St. Louis County Commissioner Chris Dalhberg and businessman Mike McFadden remained locked in a narrow race. Dahlberg had 54 percent of the vote and McFadden had 44 percent of the vote.

Candidates need 60 percent of the vote to secure the endorsement.

The delegates will meet again at 9 a.m. Saturday morning to continue the contest.

Even if Dahlberg wins the endorsement, it does not guarantee he will be the GOP candidate to face off against incumbent DFL Sen. Al Franken in November, because McFadden says he will seek the party nomination in the August 12 primary election.

Dahlberg, a veteran and lawyer, was an underdog coming into the convention. State Sen. Julianne Ortman, R-Chanhassen, was considered a frontrunner, but she remained stuck in third place throughout the balloting and was forced out of the race after the 5th ballot with 19 percent of the vote.

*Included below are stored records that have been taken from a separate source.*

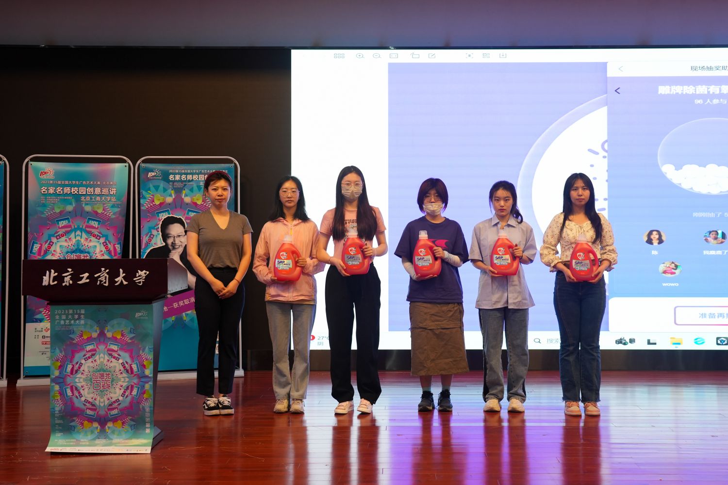 程雅洁、张晶、孙杨分别进行了品牌介绍和命题解析,帮助参与大广赛的同学们更加清楚品牌诉求,准确把握命题核心。在命题解析中穿插了问答抽奖环节,同学们争相举手抢答,积极互动,现场气氛十分活跃。程雅洁围绕“环保、国民、除菌、快速去污、抗硬水能力”五个关键词,对雕牌做出详细介绍,并针对命题产品的核心成分、产品功效进行快速分析,希望同学们能够结合广告主题,针对品牌精神进行创意设计。张晶和孙杨先生分别从品牌简介、品牌资产、小葵花药效等方面让大家深入了解该葵花药业品牌,并提出健康指引和药品甄别的建议和判断,希望同学们以新颖的形式、更好的内容和不同的思考进行创意设计。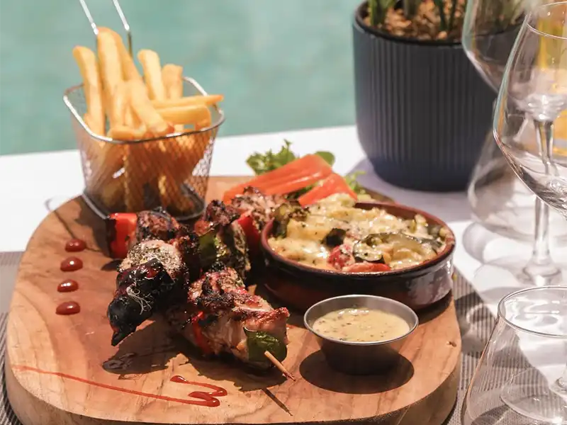 Notre chef cuistot vous propose des menus gourmands tous les jours, des salades composées, de succulentes pizzas, ainsi que de merveilleuses grillades à savourer en famille ou entre amis.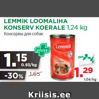 Kampaania periood: 14.05.2014 - 27.05.2014 Hind: 1.15€ LEMMIK LOOMALIHA KONSERV KOERALE 1,24 kg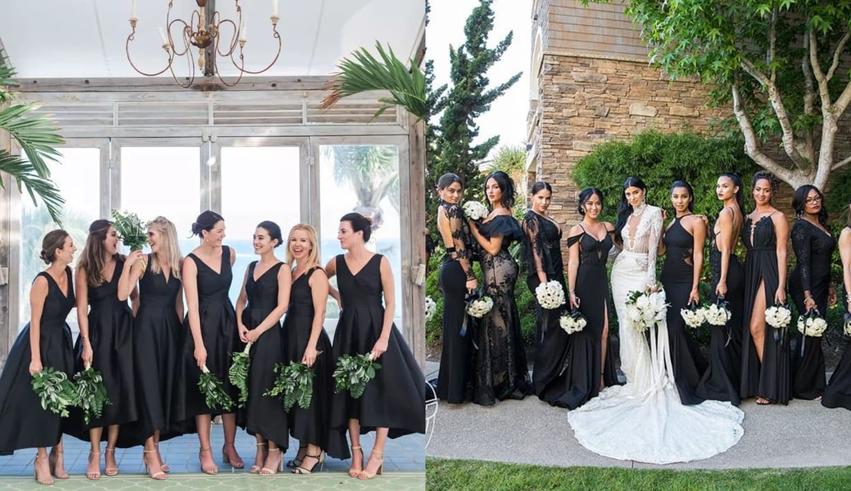 สำหรับชุดเพื่อนเจ้าสาวสีดำนั้นต้องขอยอมรับว่าเจ้าสาวมีความกล้าหาญที่ตัดสินใจใช้สีดำในงานวิวาห์ของตัวเอง แต่โดยความคิดเห็นส่วนตัวคิดว่าหลายงานที่ใช้ธีมชุดเพื่อนเจ้าสาวสีดำคือต้องการให้ภาพออกมาสวยและคลาสสิก ขับให้ชุดเจ้าสาวสีขาวดูสวยสง่า อีกนัยหนึ่งที่เคยได้รับฟังมาคือทำไมสูทของผู้ชายเป็นสีดำในงานแต่งงานได้ แต่ผู้หญิงแทบจะไม่สามารถใส่ชุดสีดำมางานแต่งงานได้เลย แต่เราก็ได้พบในภาพยนตร์ Sex and the City ฉบับ The Movie ภาค 1 ในงานแต่งงานของแครี่ เพื่อนเจ้าสาวอย่างชาล็อตยอร์กได้เลือกชุดราตรีหางปลาที่แสนสวยสีดำที่เดินแสนลำบากมาเป็นชุดร่วมแสดงความยินดีในงานสำคัญของเพื่อนสาวคนสนิท

Convention rules required any remaining candidates to have at least 20 percent.

Rep. Jim Abeler, R-Anoka, hasn't decided whether he will run in the primary.

The endorsement battle foreshadows a second floor fight Saturday between five GOP candidates for the gubernatorial endorsement.

Balloting was slow in part because delegates were divided among candidates when they arrived in Rochester. On the first vote, all six candidates secured enough votes to be on the second ballot.

One-by-one, candidates, including Abeler and Monti Moreno, either failed to win enough votes to stay in the race or dropped out by their own volition.

Dahlberg's campaign got some last minute help from undecided delegates like Abby Sookraj of Robbinsdale, who voted for him on the first round of ballots after she heard his speech.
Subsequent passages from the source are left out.